- Born: Bajabulise Thela 2003 (age 22–23) KaNyamazane, Mpumalanga, South Africa
- Occupations: Model; philanthropist; flight attendant;
- Height: 1.85 m (6 ft 1 in)
- Beauty pageant titleholder
- Title: Miss Teen Grand South Africa 2021; Miss Mpumalanga 2024; Miss African Beauty Universe 2026; Miss Universe South Africa 2026;
- Major competitions: Miss Teen Grand South Africa; (Winner); Miss Teen Grand Universe 2021; (Withdrew); (Teen Universe International ambassador); Miss Mpumalanga 2024; (Winner); Miss African Beauty Universe 2026; (Winner); Miss Universe 2026; (TBD);

= Bajabulise Thela =

South African beauty pageant titleholder

Bajabulise Thela (born 2003) is a South African model, philanthropist and beauty pageant titleholder who won the Miss African Beauty Universe 2026 and the Miss Universe South Africa 2026. She will represent South Africa at Miss Universe 2026 in San Juan, Puerto Rico.
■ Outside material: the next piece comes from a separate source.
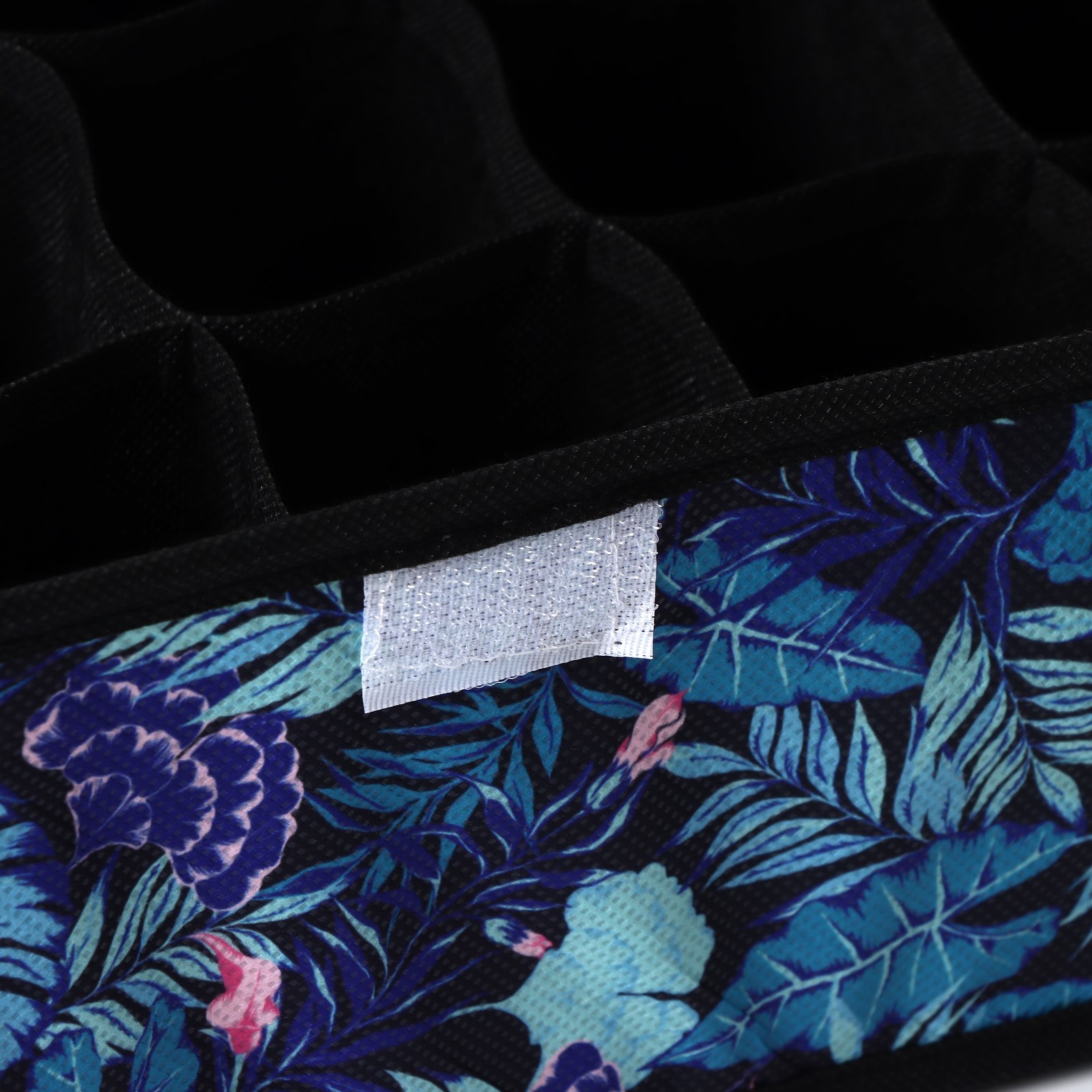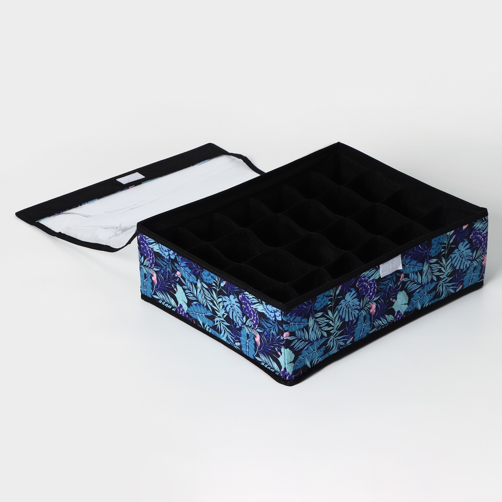 Органайзер для хранения белья с крышкой доляна «тропики», 24 ячеек, 38x30x12 см, цвет синий

Thela also won several beauty titles includes Miss Teen Grand South Africa 2021 and Miss Mpumalanga 2024. She is the founder of Mambane Foundation.

== Pageantry ==

=== Early pageantry ===

==== Miss Teen Grand South Africa 2021 ====
Thela began her pageantry career at a very young age when she became the first Miss Teen Grand South Africa 2021. But she failed to complete at international stages, because she faced financial problems. In 2023, she was crowned Teen Universe South Africa 2023 and later represented South Africa as the ambassador at the Teen Universe International beauty pageant in Spain with Hlonela Mrwetyana.

==== Miss Mpumalanga 2024 ====
In 2024, Thela was crowned the winner of Miss Mpumalanga 2024. During her reign, she actively partnered with organizations like the Mpumalanga Economic Regulator (MER) to promote responsible behavior and youth education. After her final walk in 2025, she entered the Miss South Africa 2025, but she was not selected.

=== Miss African Beauty Universe 2026 ===

In May 2026, Thela joined Miss African Beauty South Africa competition, where she was competing for three titles and included in the top 30. In June, she was included in the top 20 of the competition after Shannon Benting was crowned the winner of Miss African Beauty Supranational 2026. She was later included in the top 9 finalists of the Miss Universe South Africa 2026. On the 18th July 2026, she won Miss African Beauty Universe 2026 and recently crowned the winner of Miss Universe South Africa 2026.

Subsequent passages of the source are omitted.